A lot of people still support Saied whether you like it or not, because he stepped in when everything felt like a mess after the revolution, or because they like his tough talk on sovereignty. (got rid of ghanouchi and stuff like that)
However, if you actually look at what’s happened on the ground, he’s put most Tunisians in a worse spot than under Ben Ali, we got less freedom and weaker economic results, all while throwing away the democratic opening people risked everything for in 2011, without fixing the big problems
Ben Ali’s time, at least in the earlier periods, delivered real growth, often around 4-5%, a decent tourism boom, and visible improvements in infrastructure and jobs, even though the cronyism and inequality were ugly and helped light the fuse for 2011. Under Saied, especially after the 2021 self-coup, the economy has basically flatlined
Growth dropped to something like 0.4% in 2023 and has barely crawled above 1-2% since. Debt keeps piling up, you still see shortages and inflation eating into people’s pockets, brain drain is getting worse, and youth unemployment is stuck near 40%
Turning down serious IMF reforms and leaning on domestic borrowing has created fresh risks for the banks, while the scattered deals with Europe and the Gulf only patch things up a bit
The contrast on freedoms feels even sharper.

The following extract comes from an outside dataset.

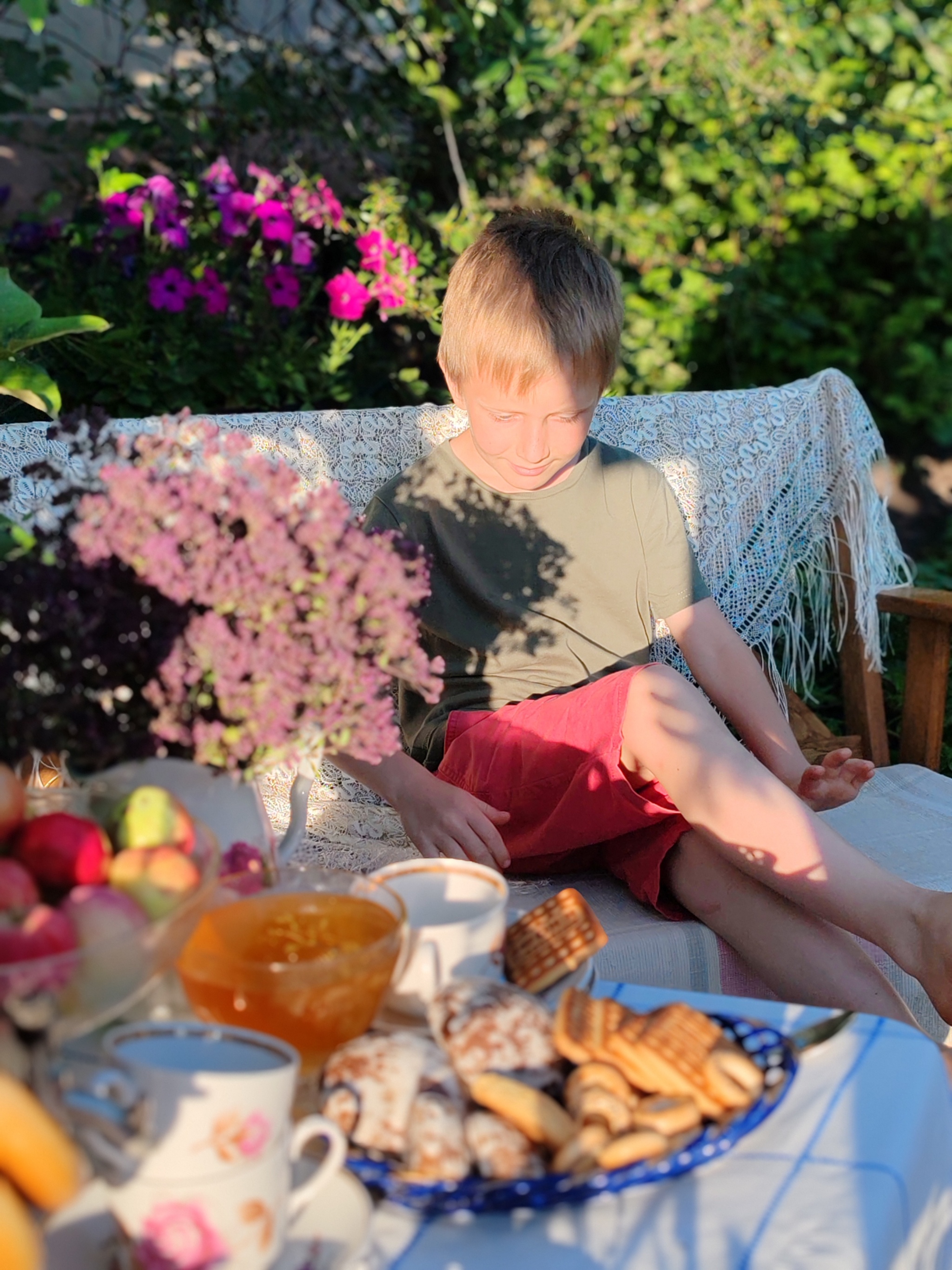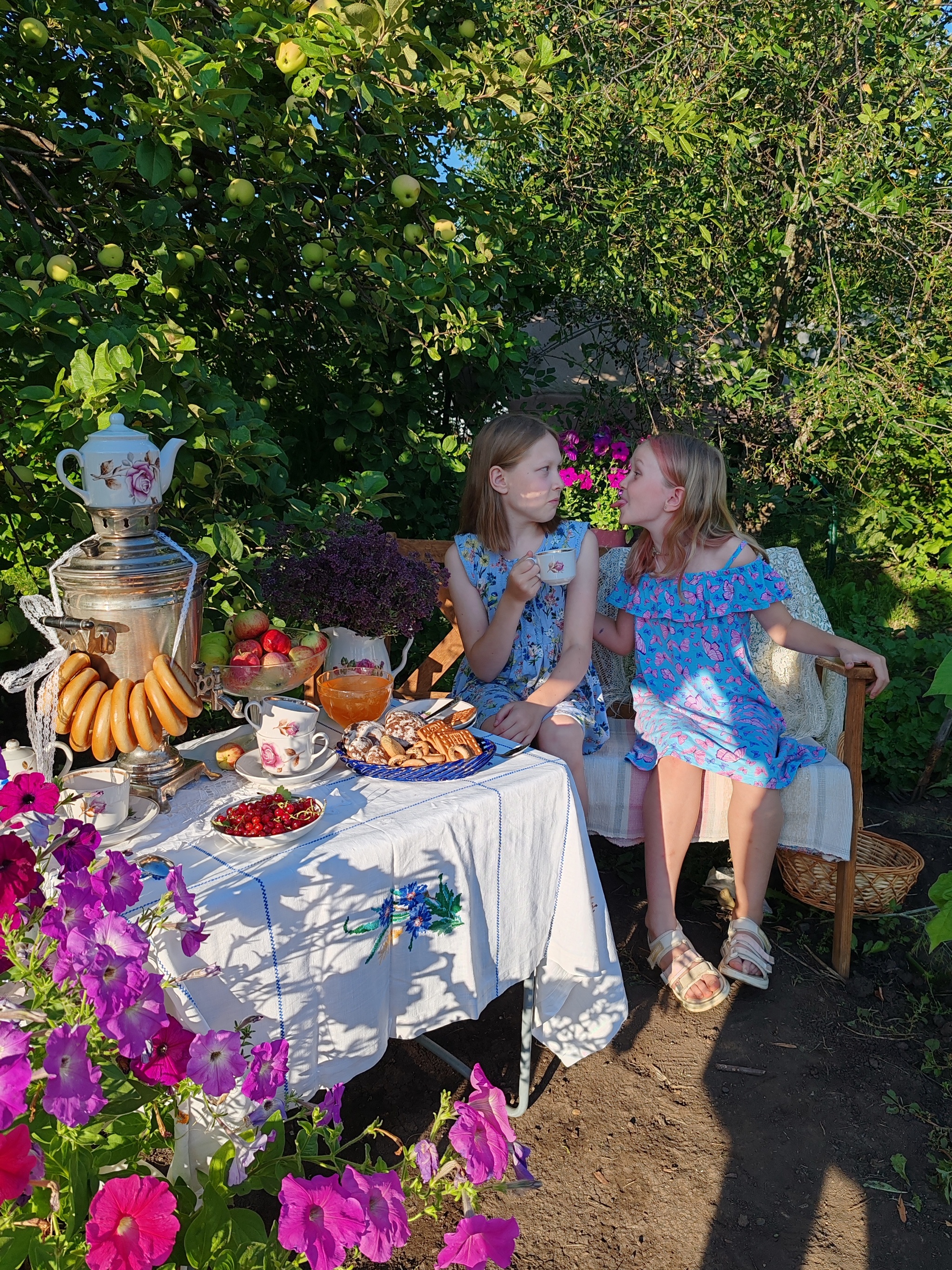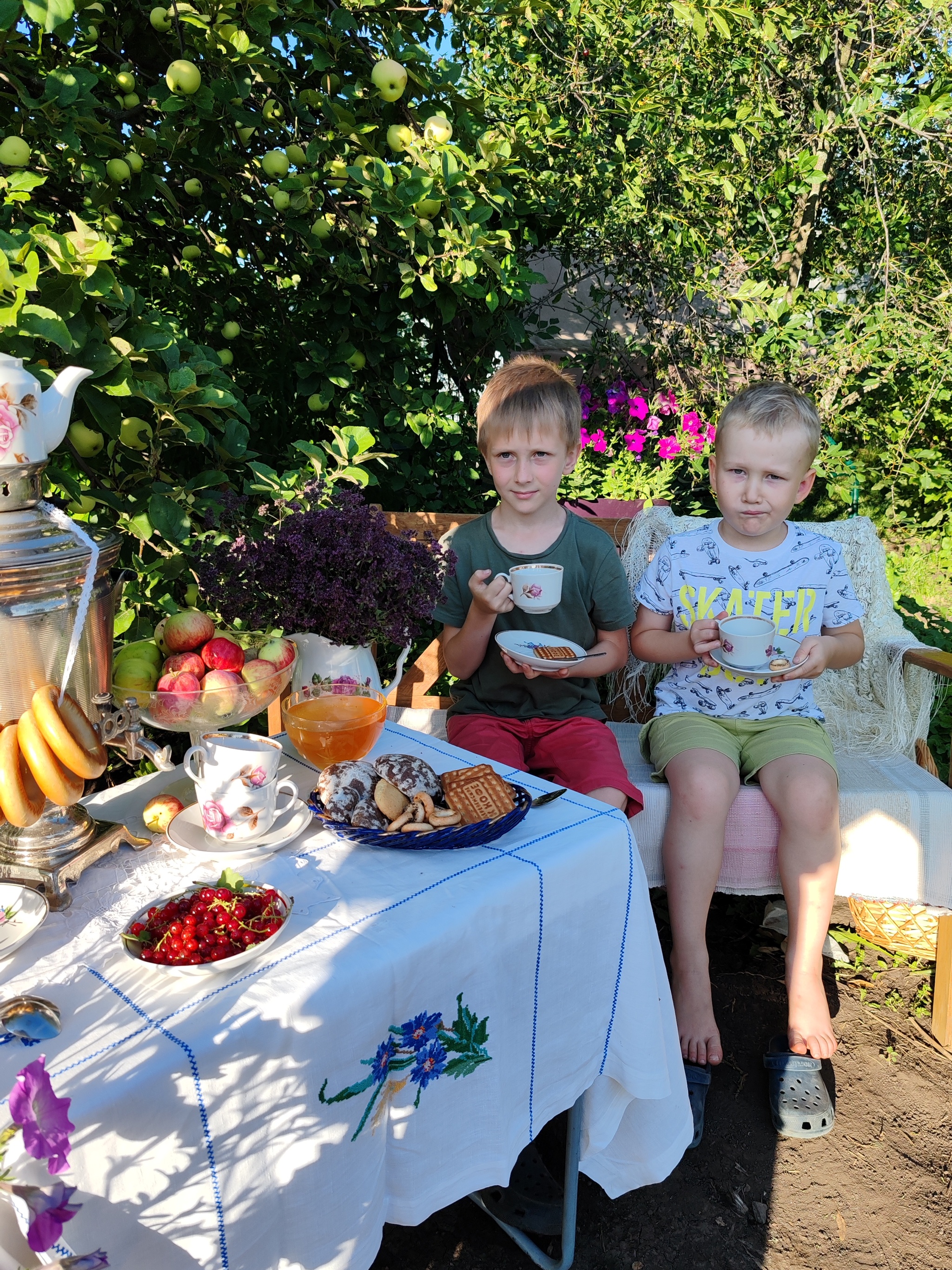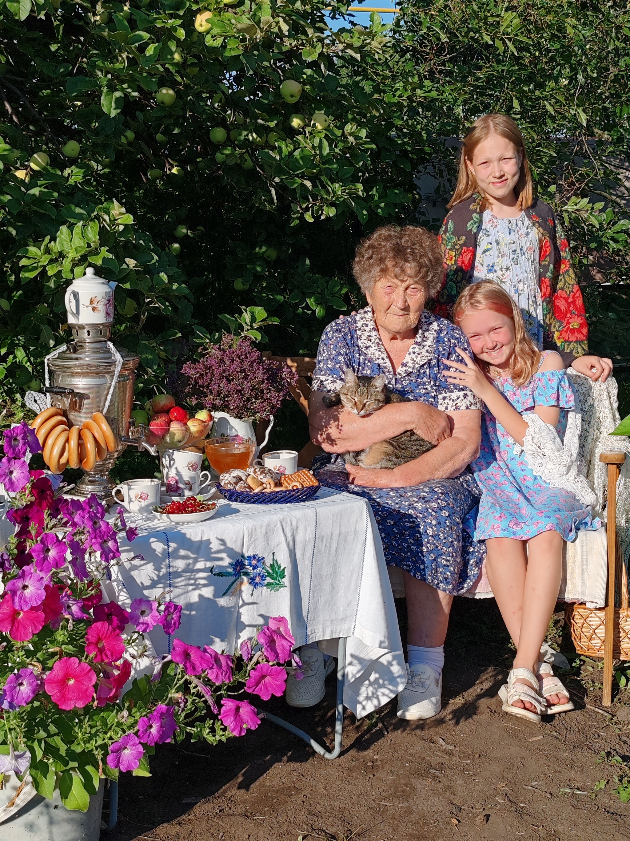 Гостили в этом году двумя семьями, где по 2ое внуков нашей героической бабушки, а всего у неё их 15! У Тамары Ивановны 6 детей и эти руки вырастили их в любви, а теперь не могут остановиться и ухаживают за домом и садом. Было решено создать уютную зону с домашним убранством и нафоткать бабушку как минимум с внучками, а мальчишки были у нас запасным планом, надежды усадить их за стол, где пока ничего нельзя есть, а только улыбаться, было крайне мало)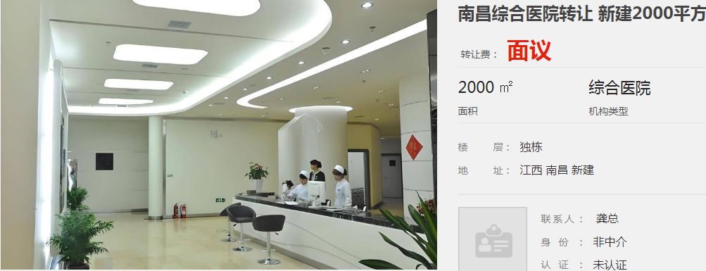 南昌綜合醫(yī)院轉(zhuǎn)讓 新建2000平方

Ben Ali ran a straight-up police state, heavy handed especially with Islamists, but that was the reality everyone knew before the revolution
Saied got elected fairly in 2019, then suspended parliament, started ruling by decree, rewrote the constitution to give himself way more power, purged judges, locked up opponents from different parties, went after journalists and activists, and squeezed civil society groups
He took away Tunisia’s reputation as the one Arab country that actually got something positive out of the Arab Spring. Now it’s more like elections that don’t really mean anything. A lot of people say it feels like Ben Ali v2.0, except without the bit where the economy at least gave you some sense of stability and buying power
Governance under Saied just feels more personal and unpredictable. Institutions have been emptied out, turnout in votes is embarrassingly low, and it’s all built on populist speeches instead of any real structure or competent team. You see the tiredness everywhere people are apathetic, there’s growing nostalgia for the Ben Ali days among those who just want bread and a bit of normal life, and emigration has become the main way angry young people cope instead of pushing for real change
Look, this isn’t me defending Ben Ali. The guy earned the 2011 uprising with his corruption and heavy hand. It’s just clear that Saied traded away the democratic progress for a shaky kind of order that isn’t delivering economically or giving people back their dignity. We’re stuck with a bad false choice between fragile stability and stagnation
So... What do you guys think? Are there ANY real wins under Saied on stability, fighting corruption, or foreign deals that I’m missing? am I delusional?
TL;DR: Saied gives you Ben Ali-style (or worse) repression plus weaker growth and crushed hopes from the revolution. Net loss so far.
Stats i got from these sources: Atlantic Council, Carnegie, HRW, IMF numbers, Tunisian outlets.